| Exercise |
Output exactly the lines of the listing below that run from the line with "萝卜的泥土气息,交织成冬日田野里最生动的丰收图景。 转自:成都日报锦观 ..." through the line with "Luksusowy zestaw szklanek". No pictures.

| Data supplied |
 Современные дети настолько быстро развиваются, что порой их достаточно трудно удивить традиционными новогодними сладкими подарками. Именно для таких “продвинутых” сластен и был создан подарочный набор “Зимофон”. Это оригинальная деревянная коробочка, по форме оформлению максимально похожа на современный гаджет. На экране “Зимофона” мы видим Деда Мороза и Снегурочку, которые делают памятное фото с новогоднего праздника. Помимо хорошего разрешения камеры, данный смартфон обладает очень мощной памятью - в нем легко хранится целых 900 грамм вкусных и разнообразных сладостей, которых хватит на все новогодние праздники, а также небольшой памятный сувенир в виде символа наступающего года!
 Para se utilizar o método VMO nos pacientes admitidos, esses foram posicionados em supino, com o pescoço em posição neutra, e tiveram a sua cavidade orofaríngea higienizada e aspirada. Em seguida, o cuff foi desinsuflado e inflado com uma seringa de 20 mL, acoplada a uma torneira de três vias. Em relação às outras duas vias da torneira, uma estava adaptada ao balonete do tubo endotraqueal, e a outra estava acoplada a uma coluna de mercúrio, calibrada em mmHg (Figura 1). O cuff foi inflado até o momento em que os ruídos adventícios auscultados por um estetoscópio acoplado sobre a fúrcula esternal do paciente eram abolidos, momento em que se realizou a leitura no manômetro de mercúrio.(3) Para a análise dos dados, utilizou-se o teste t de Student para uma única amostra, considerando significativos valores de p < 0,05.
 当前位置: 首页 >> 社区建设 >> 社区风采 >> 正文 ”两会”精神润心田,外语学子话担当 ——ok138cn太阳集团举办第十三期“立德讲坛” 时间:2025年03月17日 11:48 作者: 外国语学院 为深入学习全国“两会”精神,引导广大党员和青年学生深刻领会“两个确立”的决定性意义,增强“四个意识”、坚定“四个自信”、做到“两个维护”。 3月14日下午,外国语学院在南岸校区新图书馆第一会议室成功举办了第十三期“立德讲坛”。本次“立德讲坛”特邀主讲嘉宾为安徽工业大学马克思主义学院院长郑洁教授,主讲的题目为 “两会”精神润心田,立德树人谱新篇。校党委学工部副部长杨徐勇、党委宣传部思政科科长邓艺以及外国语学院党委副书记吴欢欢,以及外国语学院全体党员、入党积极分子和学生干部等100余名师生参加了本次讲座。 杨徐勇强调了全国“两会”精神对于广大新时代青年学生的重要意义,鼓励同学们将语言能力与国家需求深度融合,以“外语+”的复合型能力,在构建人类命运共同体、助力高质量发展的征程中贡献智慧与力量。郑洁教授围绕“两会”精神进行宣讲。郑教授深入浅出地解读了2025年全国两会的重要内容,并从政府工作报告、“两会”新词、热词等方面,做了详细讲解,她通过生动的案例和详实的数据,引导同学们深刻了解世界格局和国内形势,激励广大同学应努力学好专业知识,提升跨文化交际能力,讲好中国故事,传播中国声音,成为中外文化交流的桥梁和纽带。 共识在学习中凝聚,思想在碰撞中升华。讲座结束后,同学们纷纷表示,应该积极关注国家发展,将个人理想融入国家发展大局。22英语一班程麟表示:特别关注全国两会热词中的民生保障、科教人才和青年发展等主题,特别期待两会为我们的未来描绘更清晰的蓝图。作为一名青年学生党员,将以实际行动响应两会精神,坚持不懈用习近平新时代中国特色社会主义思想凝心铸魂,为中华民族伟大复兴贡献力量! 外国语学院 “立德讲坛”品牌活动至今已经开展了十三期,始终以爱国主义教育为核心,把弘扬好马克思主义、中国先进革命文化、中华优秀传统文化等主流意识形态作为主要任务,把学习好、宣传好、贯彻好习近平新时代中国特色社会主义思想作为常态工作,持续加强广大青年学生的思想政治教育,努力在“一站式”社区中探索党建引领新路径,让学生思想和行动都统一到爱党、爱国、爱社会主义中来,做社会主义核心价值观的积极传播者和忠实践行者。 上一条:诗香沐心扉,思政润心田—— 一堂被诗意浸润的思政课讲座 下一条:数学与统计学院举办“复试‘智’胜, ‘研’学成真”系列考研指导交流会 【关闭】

* * *

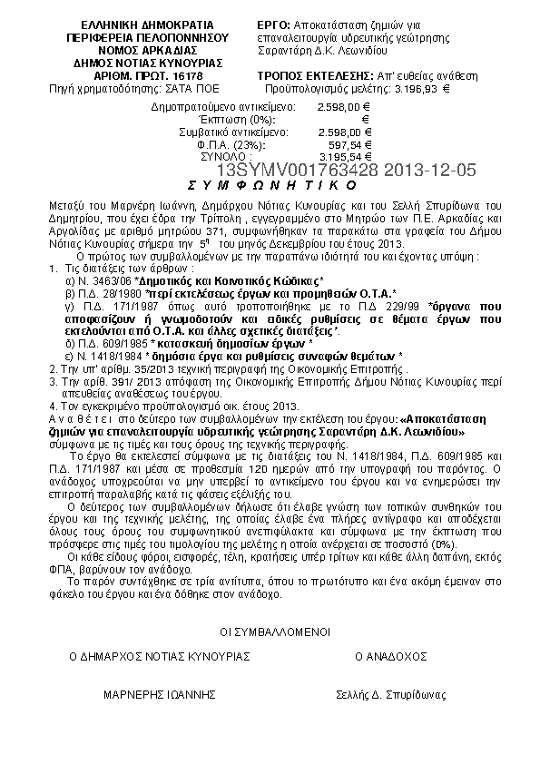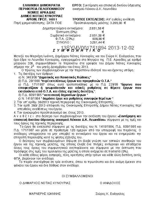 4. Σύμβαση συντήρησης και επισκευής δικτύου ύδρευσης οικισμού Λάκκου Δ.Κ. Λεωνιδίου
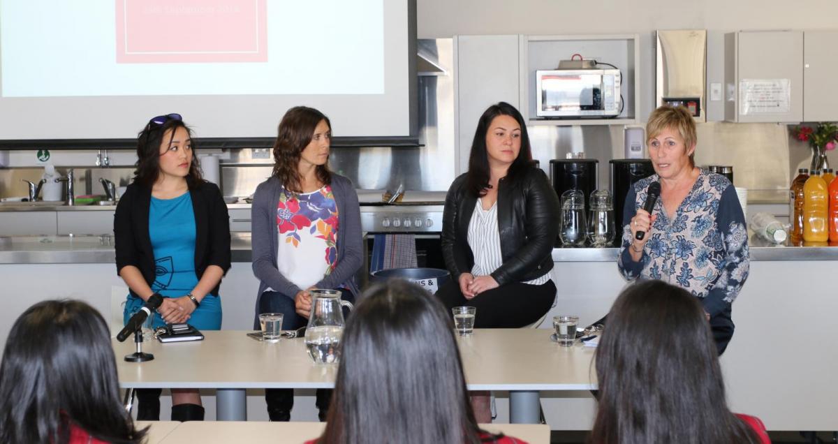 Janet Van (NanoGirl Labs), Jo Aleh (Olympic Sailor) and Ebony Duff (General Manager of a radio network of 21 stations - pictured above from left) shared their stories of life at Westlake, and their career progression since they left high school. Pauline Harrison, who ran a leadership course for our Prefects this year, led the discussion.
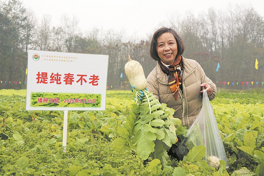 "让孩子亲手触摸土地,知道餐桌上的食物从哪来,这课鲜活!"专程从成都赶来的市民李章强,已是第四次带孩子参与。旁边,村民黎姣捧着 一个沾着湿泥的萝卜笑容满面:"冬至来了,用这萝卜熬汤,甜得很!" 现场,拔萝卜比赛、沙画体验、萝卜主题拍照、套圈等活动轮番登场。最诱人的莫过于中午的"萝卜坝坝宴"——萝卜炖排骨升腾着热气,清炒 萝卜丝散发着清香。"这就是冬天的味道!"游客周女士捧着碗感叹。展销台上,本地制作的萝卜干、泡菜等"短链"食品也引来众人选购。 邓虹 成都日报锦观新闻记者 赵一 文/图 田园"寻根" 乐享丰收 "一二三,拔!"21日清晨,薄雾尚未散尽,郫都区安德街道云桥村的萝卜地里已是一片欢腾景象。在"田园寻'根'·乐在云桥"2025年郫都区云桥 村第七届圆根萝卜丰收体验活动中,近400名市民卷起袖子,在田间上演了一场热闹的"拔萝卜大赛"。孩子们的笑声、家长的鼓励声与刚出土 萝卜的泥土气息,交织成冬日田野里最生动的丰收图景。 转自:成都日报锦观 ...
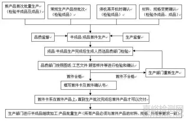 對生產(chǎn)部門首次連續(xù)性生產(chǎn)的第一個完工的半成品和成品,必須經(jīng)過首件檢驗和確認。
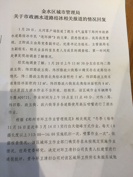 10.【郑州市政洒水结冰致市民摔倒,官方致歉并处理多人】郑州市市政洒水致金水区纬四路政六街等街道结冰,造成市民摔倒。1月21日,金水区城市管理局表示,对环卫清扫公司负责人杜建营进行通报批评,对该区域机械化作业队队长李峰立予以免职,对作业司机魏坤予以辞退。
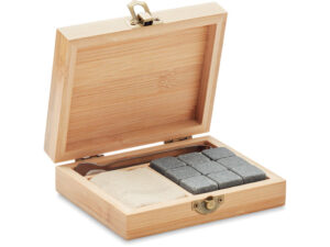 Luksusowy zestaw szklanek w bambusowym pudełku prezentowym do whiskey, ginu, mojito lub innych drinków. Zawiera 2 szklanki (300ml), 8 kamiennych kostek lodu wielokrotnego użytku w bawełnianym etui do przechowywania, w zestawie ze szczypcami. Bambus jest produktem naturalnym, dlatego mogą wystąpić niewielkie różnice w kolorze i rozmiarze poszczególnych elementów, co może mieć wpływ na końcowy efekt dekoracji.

| Task output |
 "让孩子亲手触摸土地,知道餐桌上的食物从哪来,这课鲜活!"专程从成都赶来的市民李章强,已是第四次带孩子参与。旁边,村民黎姣捧着 一个沾着湿泥的萝卜笑容满面:"冬至来了,用这萝卜熬汤,甜得很!" 现场,拔萝卜比赛、沙画体验、萝卜主题拍照、套圈等活动轮番登场。最诱人的莫过于中午的"萝卜坝坝宴"——萝卜炖排骨升腾着热气,清炒 萝卜丝散发着清香。"这就是冬天的味道!"游客周女士捧着碗感叹。展销台上,本地制作的萝卜干、泡菜等"短链"食品也引来众人选购。 邓虹 成都日报锦观新闻记者 赵一 文/图 田园"寻根" 乐享丰收 "一二三,拔!"21日清晨,薄雾尚未散尽,郫都区安德街道云桥村的萝卜地里已是一片欢腾景象。在"田园寻'根'·乐在云桥"2025年郫都区云桥 村第七届圆根萝卜丰收体验活动中,近400名市民卷起袖子,在田间上演了一场热闹的"拔萝卜大赛"。孩子们的笑声、家长的鼓励声与刚出土 萝卜的泥土气息,交织成冬日田野里最生动的丰收图景。 转自:成都日报锦观 ...
 對生產(chǎn)部門首次連續(xù)性生產(chǎn)的第一個完工的半成品和成品,必須經(jīng)過首件檢驗和確認。
 10.【郑州市政洒水结冰致市民摔倒,官方致歉并处理多人】郑州市市政洒水致金水区纬四路政六街等街道结冰,造成市民摔倒。1月21日,金水区城市管理局表示,对环卫清扫公司负责人杜建营进行通报批评,对该区域机械化作业队队长李峰立予以免职,对作业司机魏坤予以辞退。
 Luksusowy zestaw szklanek w bambusowym pudełku prezentowym do whiskey, ginu, mojito lub innych drinków. Zawiera 2 szklanki (300ml), 8 kamiennych kostek lodu wielokrotnego użytku w bawełnianym etui do przechowywania, w zestawie ze szczypcami. Bambus jest produktem naturalnym, dlatego mogą wystąpić niewielkie różnice w kolorze i rozmiarze poszczególnych elementów, co może mieć wpływ na końcowy efekt dekoracji.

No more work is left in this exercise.